The articulation of the telson is quite like that of Limulus, consisting of a broad transverse lower and a small upper segment and is mainly adapted to movement in a vertical plane.


  1. The muscles of the eurypterid cephalothorax were probably contracted into solid bundles, as in Limulus, following the solidification of the segments. This is indicated by the occurrence of a pair of entapophyses, or chitinous infoldings of the carapace [pl. 6, fig. 6],
    Figure 4 Dorso-ventral muscles on carapace of Eurypterus
    le, lateral eyes; ce, ocelli; 62, median dorsopreoral-entosclerite muscle; 63, anterior dorso-plastron muscles; 64, median dorso-plastron muscle. (From Gaskell)
    corresponding in their position to those observed in Limulus, and also by the observation of pairs of circular or oval areas arranged along the median line. At least three such pairs of areas have been seen in Eurypterus remipes. The foremost of them is shown in plate 5, figure 7. They may correspond to the first pair of tergo-proplastrals in Limulus which suspend the anterior horns of the entosternon from the dorsal side of the carapace. Gaskell has drawn a hypothetical restoration of the muscle system of the cephalothorax of an Eurypterus [text fig. 4] by inserting in the carapace of E. scouleri the segmental dorso-ventral muscles as met with in the living scorpion. In a general way this is corroborated by our observations, with the exception that the muscles do not appear to be arranged so closely around the center of the carapace, at least in Eurypterus remipes. From evidence presented subsequently it would seem preferable to use Limulus as the basis of such restoration.
  2. The form of the carapace varies with the position of the eyes, the form of the legs and the mode of life of the animals. We shall note these relations more fully in another chapter.

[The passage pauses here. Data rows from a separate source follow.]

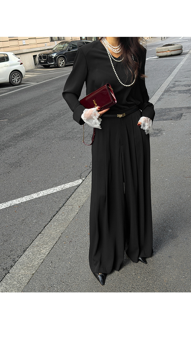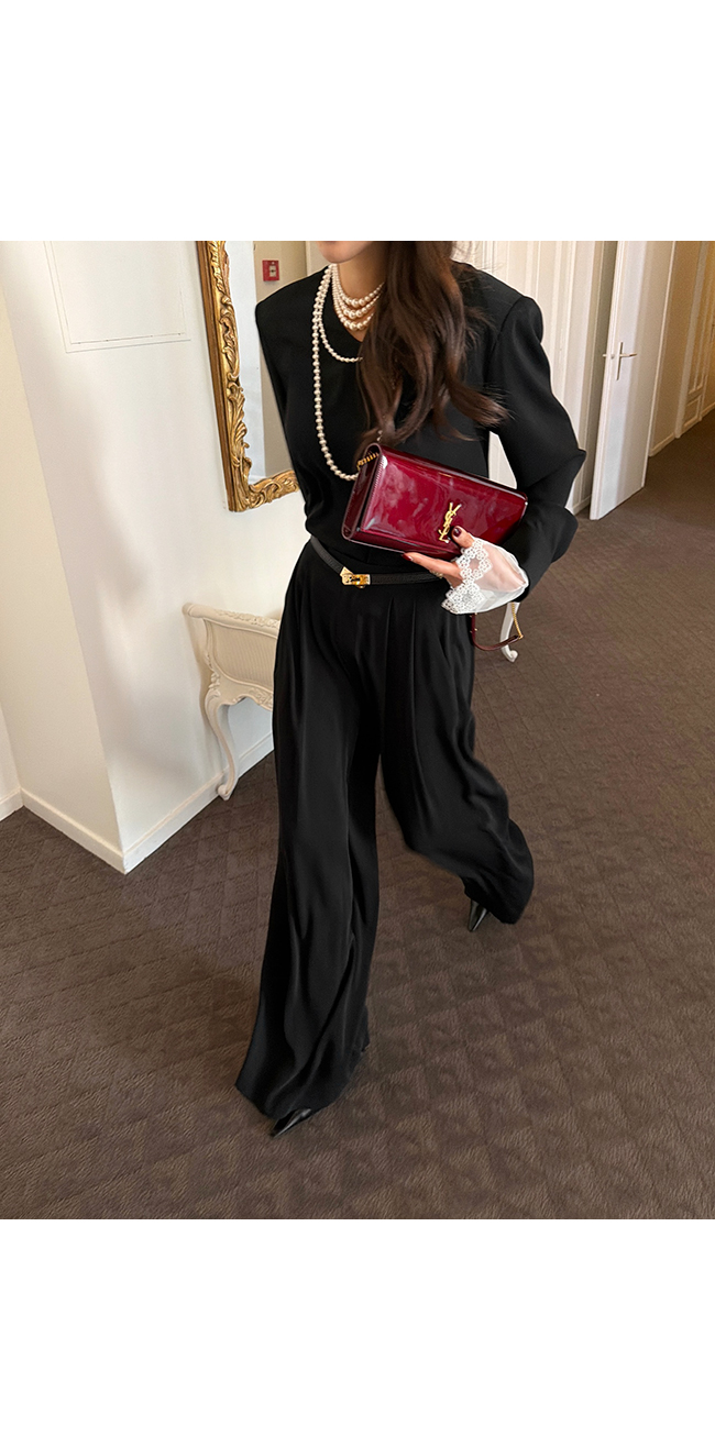 프론트에 더해진 핀턱 디테일이 자연스럽게 여유 있는 실루엣을 만들어
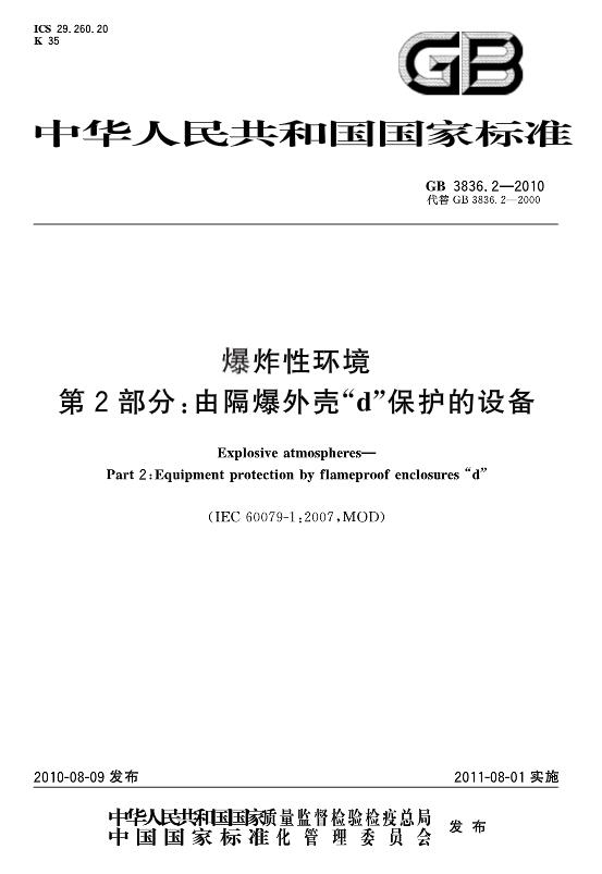 2、GB 3836.2-2010 爆炸性環(huán)境 第2部分:由隔爆外殼“d” 保護(hù)的設(shè)備。
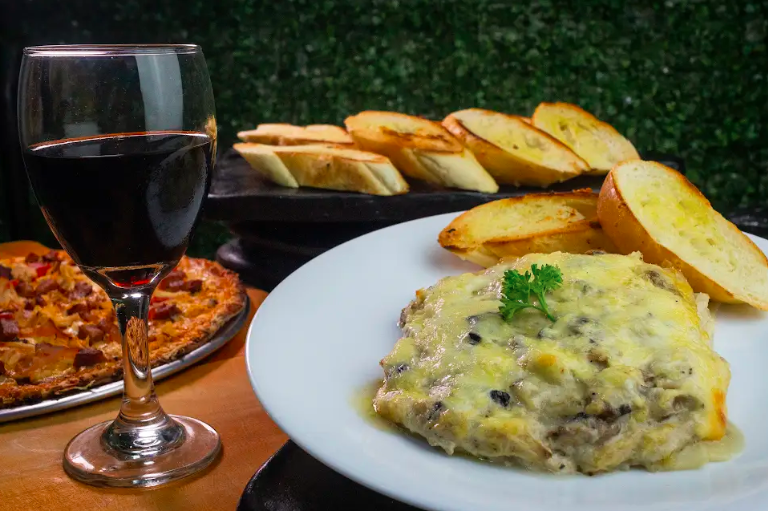 Pollo en salsa Alfredo, champiñones salteados en vino blanco con ajo y queso mozzarella.
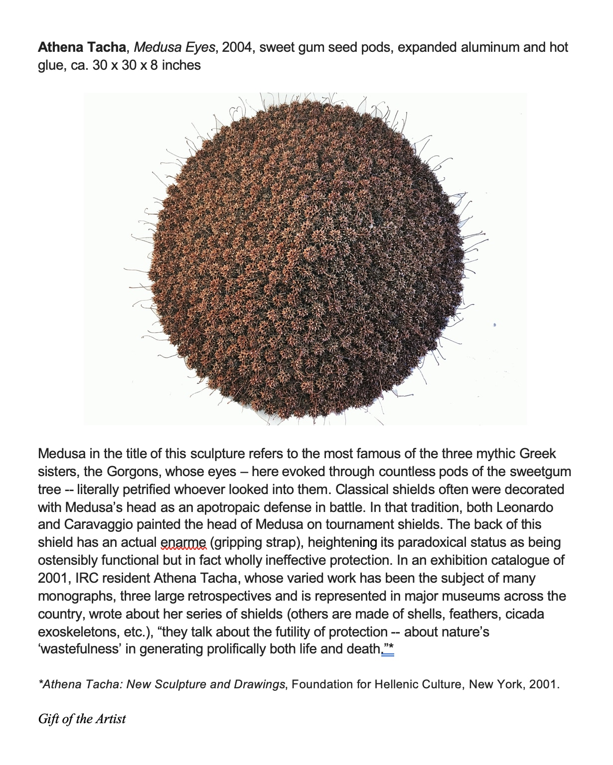 Referring to her series of shields (the title of this one refers to Medusa, the mythic Gorgon whose eyes petrified whoever looked into them), Tacha stated that "they talk about the futility of protection -- about nature’s ‘wastefulness’ in generating prolifically both life and death." Gift of IRC resident and artist Athena Tacha. For further discussion, see Richard Spear, "Art in the Dining Room," revised September 2022, by clicking on the second image.
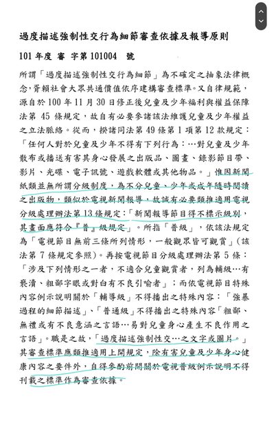 過度描述強制性交行為細節案件審查依據及報導原則
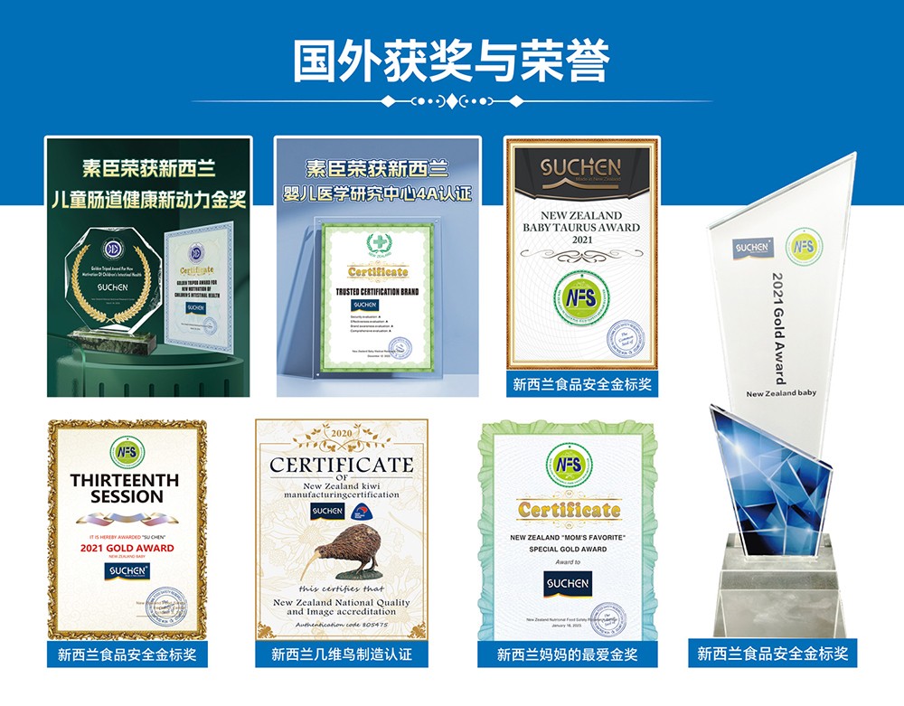 素臣多次斬獲國際健康獎項:被新西蘭營養(yǎng)食品安全研究中心認證為全球健康與安全品牌,獲得新西蘭嬰兒醫(yī)學研究中心的國際幼兒腸道活力科學獎和 4A 認證。
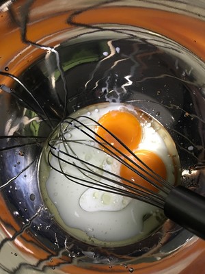 3.将牛奶和色拉油同时倒入蛋黄盆中,用打蛋器搅拌直至所有液体都混合均匀呈浅黄色。
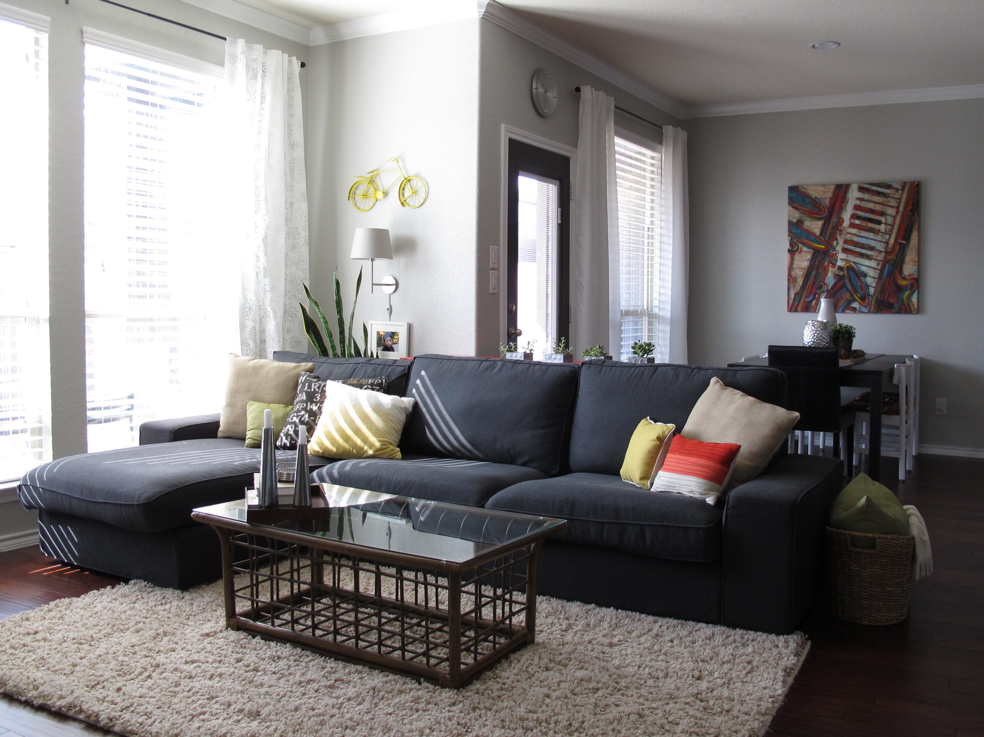 After: Living room from hallway (Once we finally figured out a good layout for the space, we purchased a vintage coffee table off craigslist, painted the door a crisp charcoal, DIY’d some industrial succulent planters, and stained some basket cases to complete the look of this space.) …
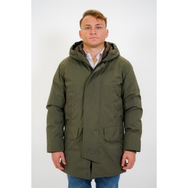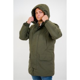 Plain men's parka with hood, zip closure, front pockets, regular fit. The model is wearing size L.
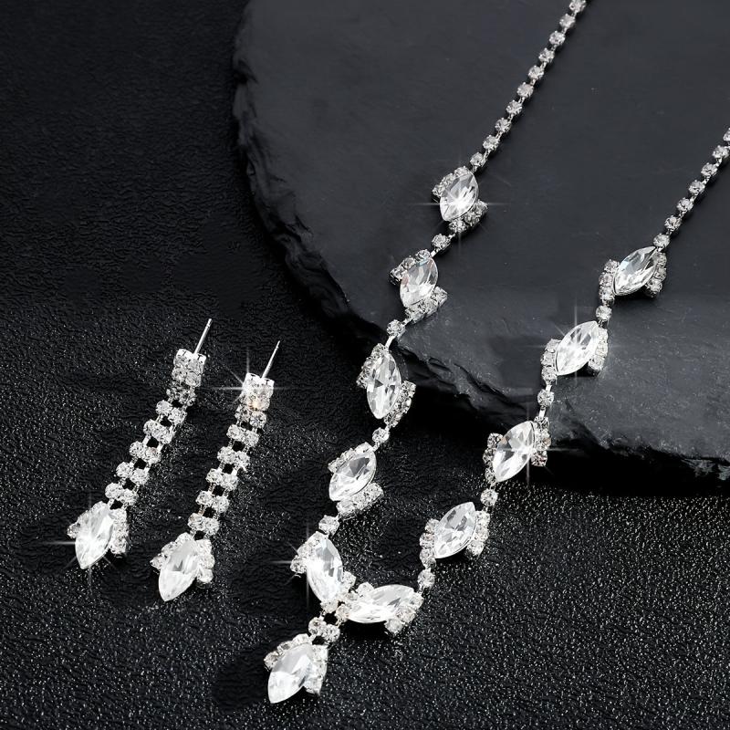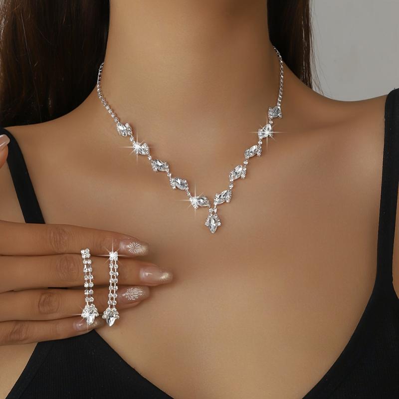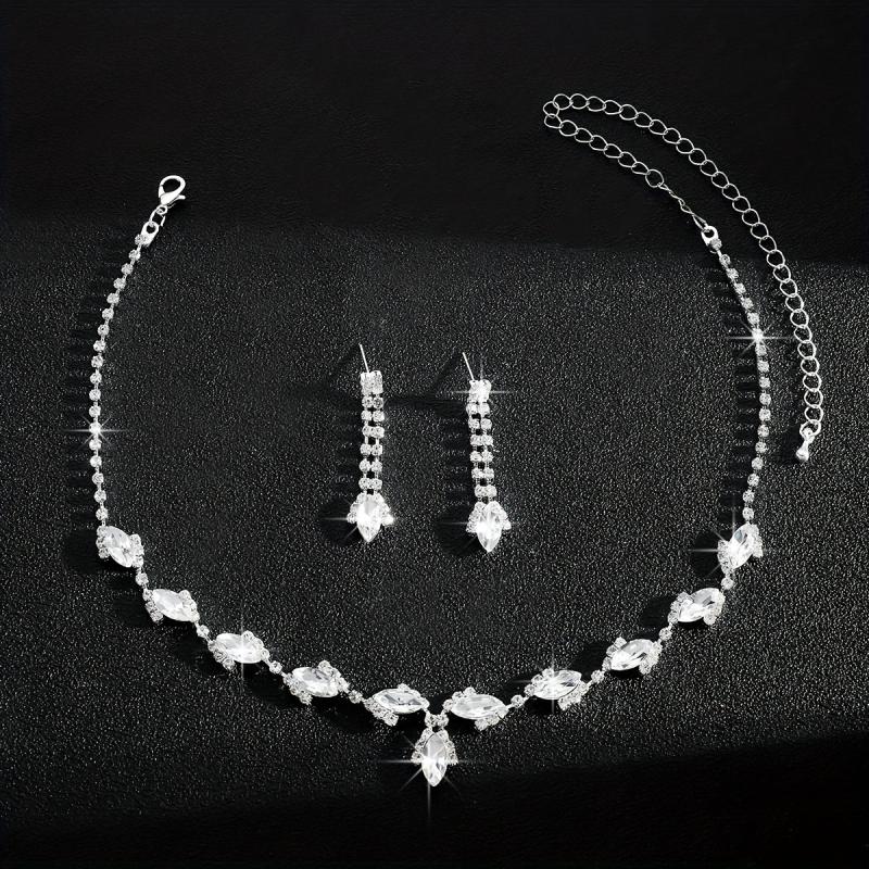 Enhance your bridal look with this elegant artificial crystal teardrop necklace and earrings set. Perfect for wedding accessories.

  3. The importance of this internal skeleton to the muscular system of Limulus is fully described by Owen [Palaeontographical Society 1878. 32:187].
  4. It may be noted in this place that a specimen in Buffalo exhibits indications of a faint apical depression of the papillae.
  5. See Parker, G. H., The Compound Eyes in Crustaceans. Mus. Comp. Zool. Bul 1891. v. 21.
  6. Our common crab (Callinectes hastatus) also appears to use the fourth pair of legs, that in front of the paddle-shaped swimming legs, as a kind of balancer in swimming.
  7. We have described more fully in the generic discussion the peculiar character of the genus as expressed in its appendages.
  8. The following pairs of walking legs also show a peculiar development in Slimonia in being equally as long as in Pterygotus, but having a fringe of long spines on the distal edges of the segments, evidently developed from the serrations seen in Eurypterus and other genera, while the paired spines are absent.
  9. Laurie [1893, p. 124] has suggested that "it seems more probable, that the foot was used for anchoring the animal firmly in the soft mud of the sea bottom, and possibly also for shoveling up the sand and mud when the beast wished to conceal itself." We shall recur to the question of the use of the last pair of legs in our further discussion.
  10. In this connection Gaskell has introduced [op. cit. fig. 78, p. 191] a figure which is stated to "be a picture from Schmidt of the ventral aspect of Eurypterus," but in fact is a monstrous mixture of the characters of Eurypterus and Pterygotus, such as Friedr. Schmidt could not possibly have perpetrated even in a nightmare. This is a good example of the careless treatment of fossils in zoological textbooks and treatises, exemplified again by the figure of a Pterygotus anglicus labeled as "Eurypterus remipes" in the Text-book of Invertebrate Morphology, by J. P. McMurrich.
  11. Holm also counts the two pentagonal anterior areas [see above] as belonging to the genital appendage.
  12. The plates are much more distinct on the specimen than the photograph was able to bring out, owing to a thin whitish film over them.
  13. It is possible that this section is but the result of compression and desiccation and that the living specimens had a trapezoidal section.